For the first time next year, the grant will extend its support to include post-production projects and will now support two production projects with a cash amount of SGD 30,000 and two post-production projects with a cash amount of SGD 20,000 per recipient.
“We believe documentary film is a powerful tool that helps us confront complex, and oftentimes, troubling realities within our lives and the world around us. These timeless stories play a crucial bridge between rethinking our past and reimagining our future,” said Tan Keng Leck, Vice Chairman of the Tan Ean Kiam Foundation.

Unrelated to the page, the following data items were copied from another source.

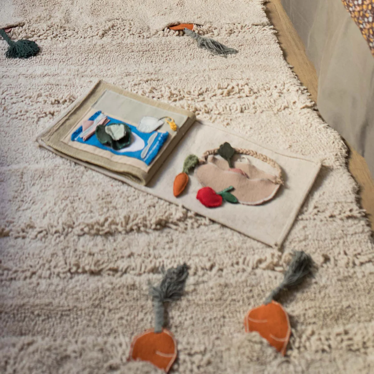 Das Stoffbuch Cool kids eat healthy von Oli&Carol aus dem Hause Lorena Canals lehrt auf spielerische Weise einen gesunden Umgang mit Lebensmitteln. Die kleinen Obst- und Gemüseelemente können ganz nach Belieben im Buch eingesetzt werden - Ob auf dem Teller oder im Korb. So kann es wunderbar als Beschäftigungsmöglichkeit beim Warten aufs Abendessen genutzt werden.
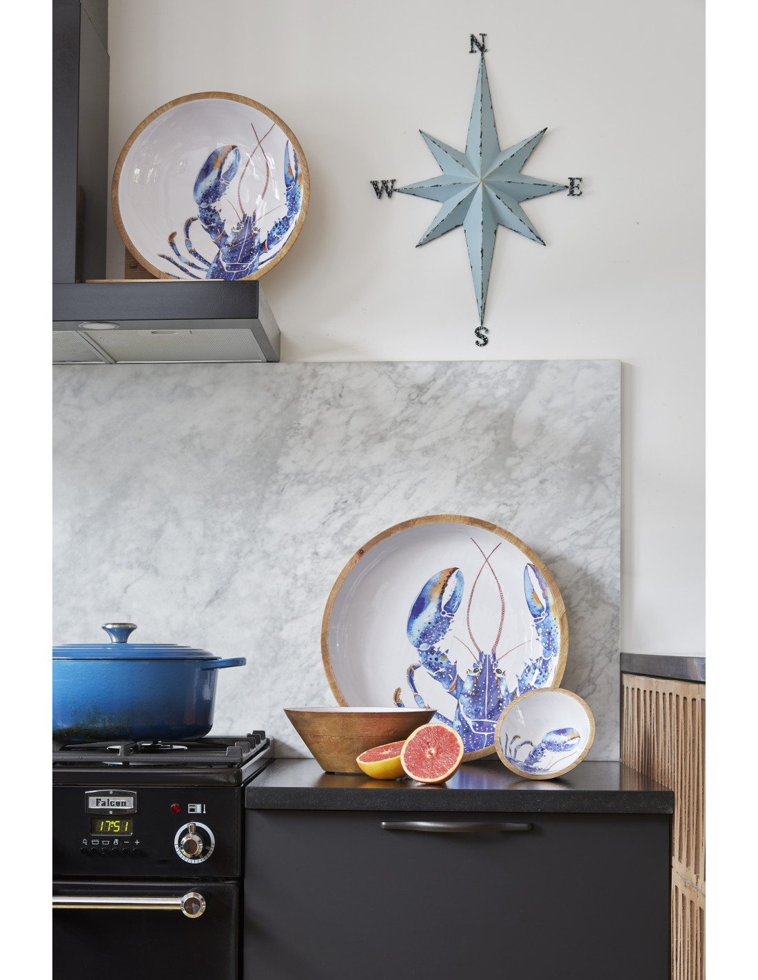 Bol de madera esmaltada con diseño de langosta
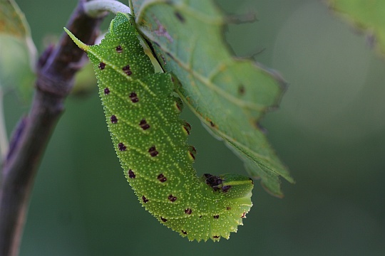 Raupe Die gelblich- oder blaugrünen Raupen tragen kleine weiße Punktn und besitzen am Hinterleibsende ein gelbes Horn. An den Seiten sind jeweils zwei Reihen rötlicher Punkte sichtbar.
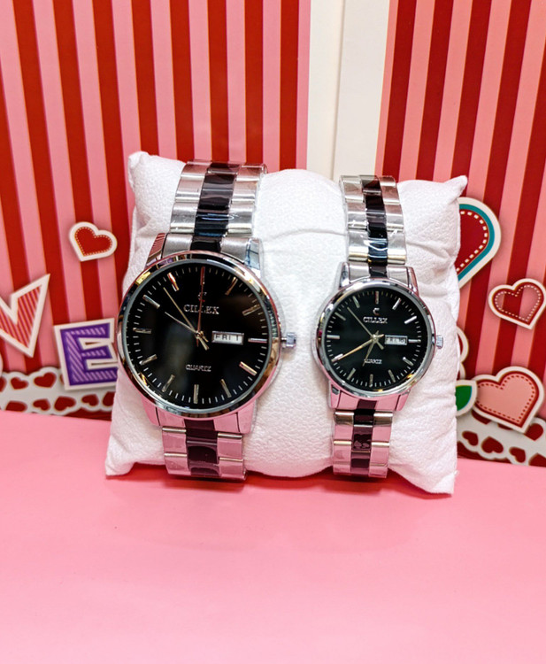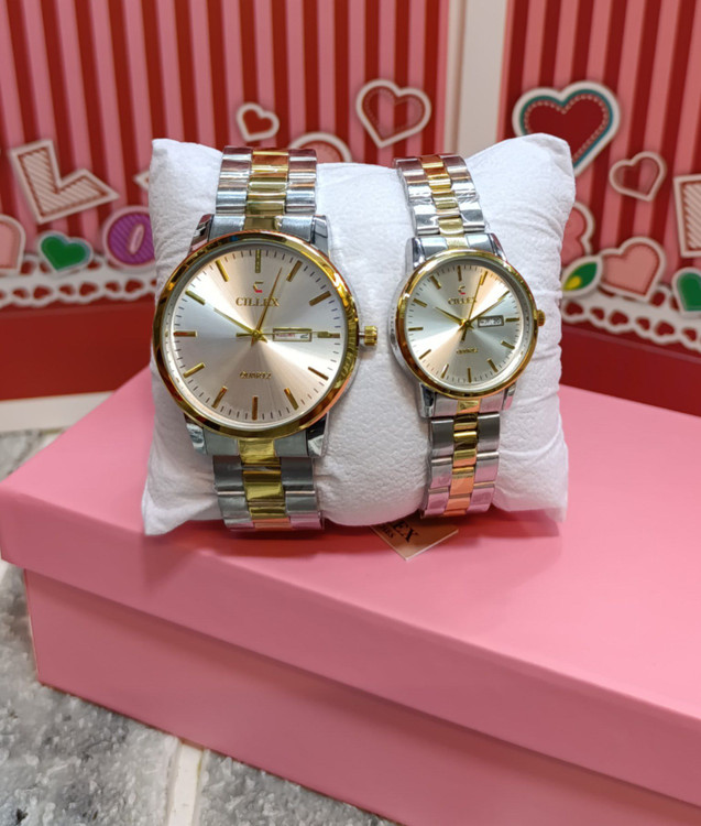 ساعتهای ست زنانه و مردانه ✅جنس بدنه فول استیل ✅قاب حکاکی شده ✅️ موتور عالی ✅️کیفیت عالی ✅️اصلی ✅تک موتوره ✅️رنگ ثابت ✅️تاریخ دار ✅️قفل پروانه ای ✅در 3رنگ مختلف
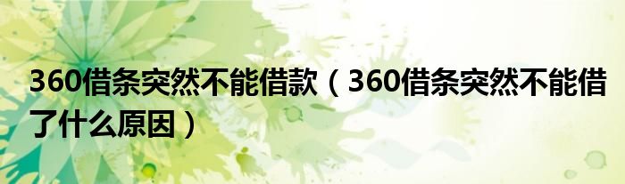 导读 大家好,综合小编来为大家讲解下。360借条突然不能借款,360借条突然不能借了什么原因这个很多人还不知道,现在让我们一起来看看吧!1、360借
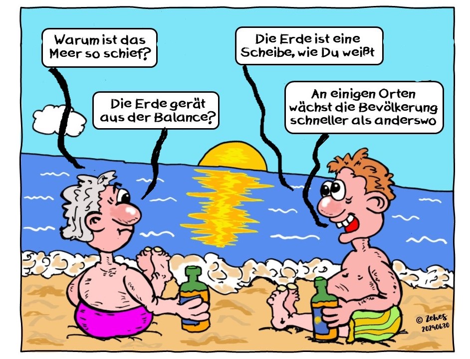 Das mit dem nach rechts abfallenden Meer hat vermutlich folgenden Grund: Da, wie wir wissen, die Erde eine Scheibe ist und die verschiedenen Länder unterschiedlich hoeh Geburtenraten haben, ist die Erdscheibe wohl etwas aus ihrer Balance geraten. :wacko:
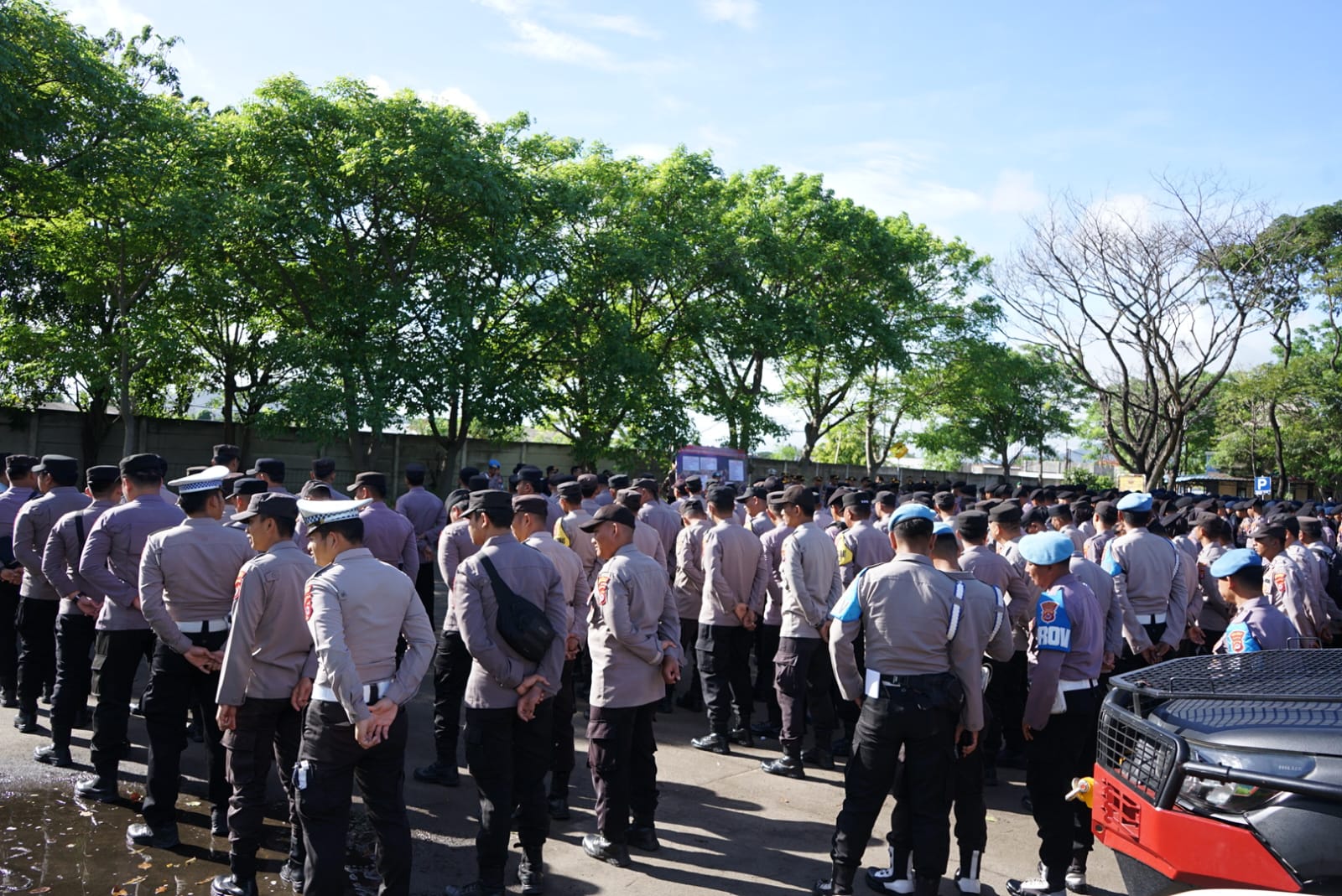 Aksi unjuk rasa berlangsung dalam pengawasan penuh aparat kepolisian hingga seluruh rangkaian kegiatan dinyatakan selesai dengan aman dan kondusif.
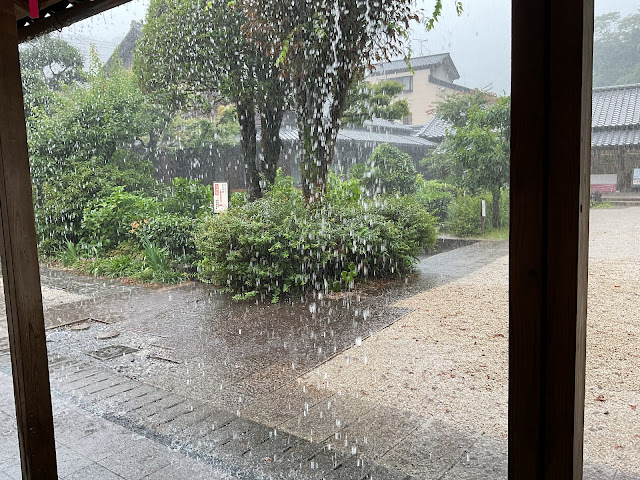 The frog on the railing was small and almost cute. This frog next to the shrine building was big and made me jump.
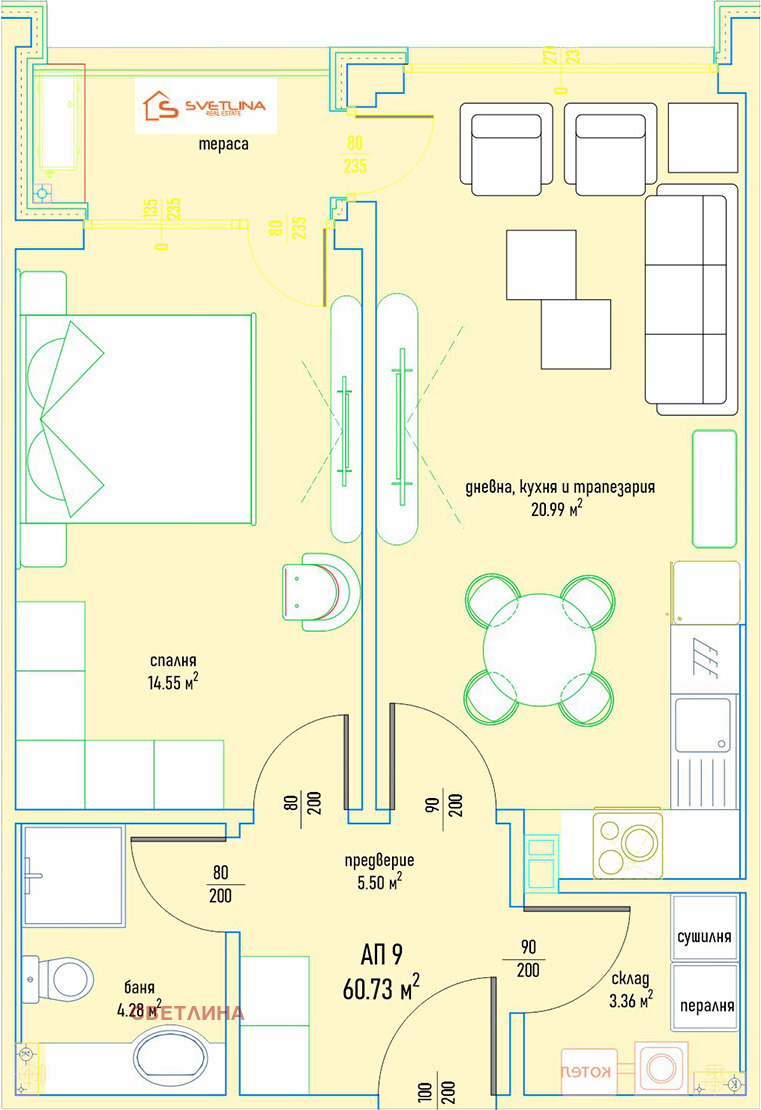 - Разпдеделение: входно антре, дневна с кухненски бокс, спалня, баня с тоалетна, мокро помещение и тераса

Supported by C47 Investment and White Light Post, the SGIFF Southeast Asian-Short Film Grant (SEA-SHORTS) aims to fund the brightest upcoming names in filmmaking. In the upcoming year, SGIFF will be awarding four SEA-SHORTS grants, double the number that was previously offered. Each recipient will receive a cash amount of SGD 4,000 and post-production support worth SGD 4,000. The grant is open to all genres including drama, animation, and experimental short films.
The grants have produced projects that have received recognition at established film festivals all around the world, winning the Fédération Internationale de la Presse Cinématographique (FIPRESCI) at the International Documentary Film Festival Amsterdam, the Amnesty International Award at the Thessaloniki Documentary Festival (Aswang) and been selected for the Busan International Film Festival.
This year’s festival will also see the world premiere of three of SEA-DOC Grant recipients - Aswang, Citizen Hustler and Ploy, and three screenings of SEA-SHORTS: Binh, Judy Free and Nursery Rhymes. The screenings will be held together with panel discussion that explore Southeast Asian Identities through Documentary.
Founded in 1987, the Singapore International Film Festival (SGIFF) is the largest and longest-running film event in Singapore. The SGIFF is organised by the Singapore International Film Festival Ltd, a non-profit organisation.